College is often described as the stage of our lives when we can explore our academic, personal, and professional interests. After years spent taking required courses I wasn’t interested in during high school, wasting time on unnecessary homework assignments, and constantly feeling anxiety and stress from my GPA, I looked to college as a place of freedom. When I got to Swarthmore College, I experienced that freedom—living independently, working multiple jobs, and having the agency to craft my own schedule towards my passion and interests. For too long, education has been structured to generate competition, not collaboration. By constraining student choice through the GPA system, we create an experience that fails to prepare us for the real world. At Swarthmore, I was able to radically reimagine what academic freedom and agency could look like to me.
Swarthmore was able to prepare me and other students for the betterment of society. The innovation, productivity, and progress we aspire for don’t come from atomized individualism: it is rooted in radical collaboration among our peers through peer-support groups, among other things. From student organizations to student movements/activism on campus, we’ve observed the power of collective action in generating meaningful change.

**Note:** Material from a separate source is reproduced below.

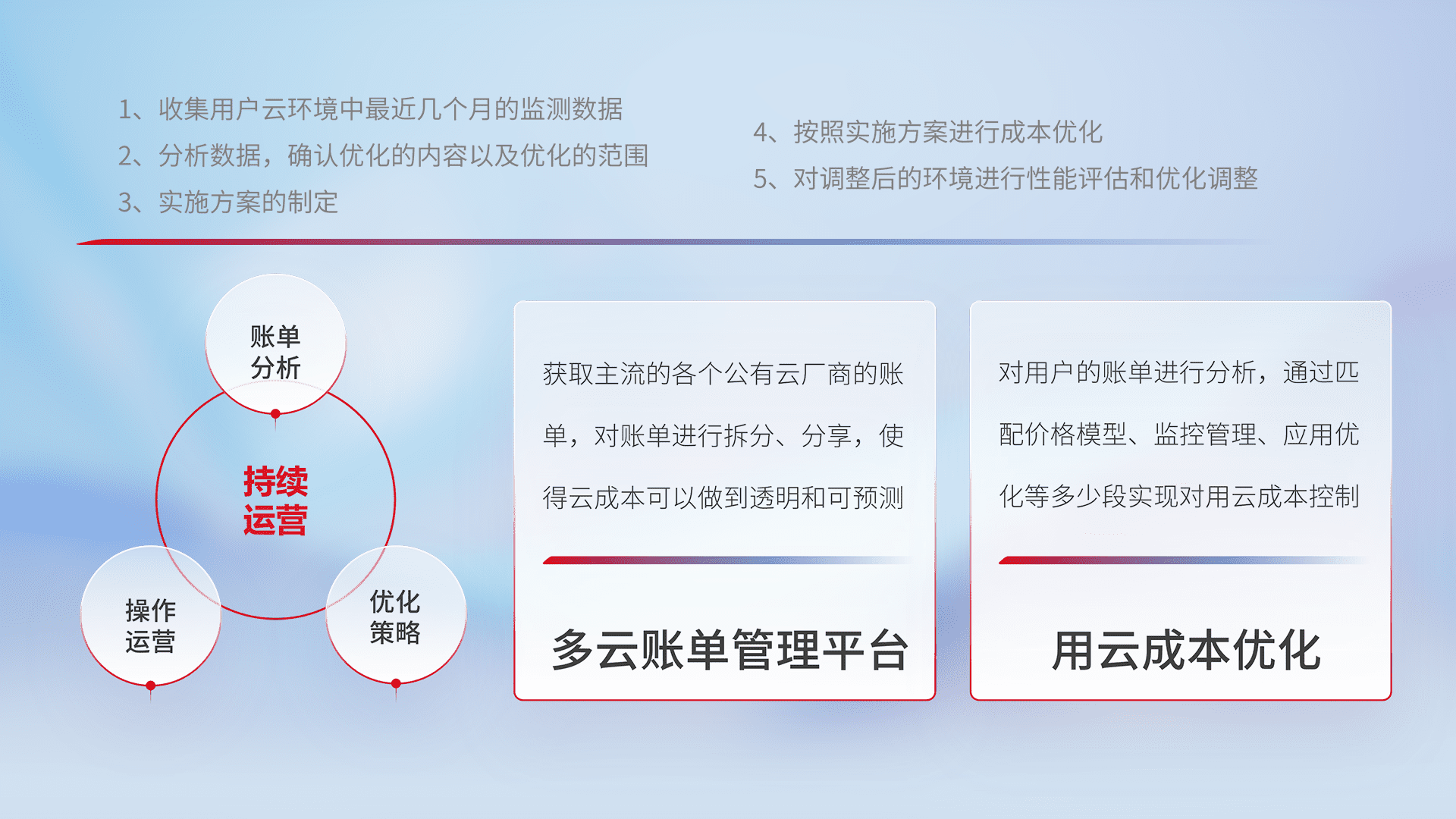 通过多云纳管,,,,以统一的资源数据模型把客户的云资源进行抽象和封装,,,,进而实现对多云资源的统一操作,,,,保障云资源管理的可靠性、、稳定性与可用性。。。。量身定制化运维内容,,配置、、开发运维、、、、补丁管理、、、备份、、、监控、、、、认证和访问管理、、、、审计和日常巡检等,,,保障在用云过程中的可靠度,,,,稳定度以及高可用率。。

When I got to Swarthmore, I was positively surprised. It was a school that prioritizes collaborative engagement: a system with less interest in ranking students against one another and more interest in producing and executing creative ideas. I sat in classrooms where students were focused on learning, not grades; where students wanted to be in every class they take, and are never begrudgingly “fulfilling a requirement,” and where students were taught to utilize the full set of skills at their disposal, instead of being forced to memorize textbooks. Most importantly, these classrooms were filled with change-makers, innovators, and creatives who continuously inspire me each and every day here as a student.
I believe that humanity’s greatest challenges are not problems with easy solutions one person can offer. They will require radical collaboration and a mindset that cares about what we can give to the world to enrich the lives of all people–the common good–not just ourselves. The classrooms at Swarthmore not only teach my generation to make a living, but they taught us to lead a life.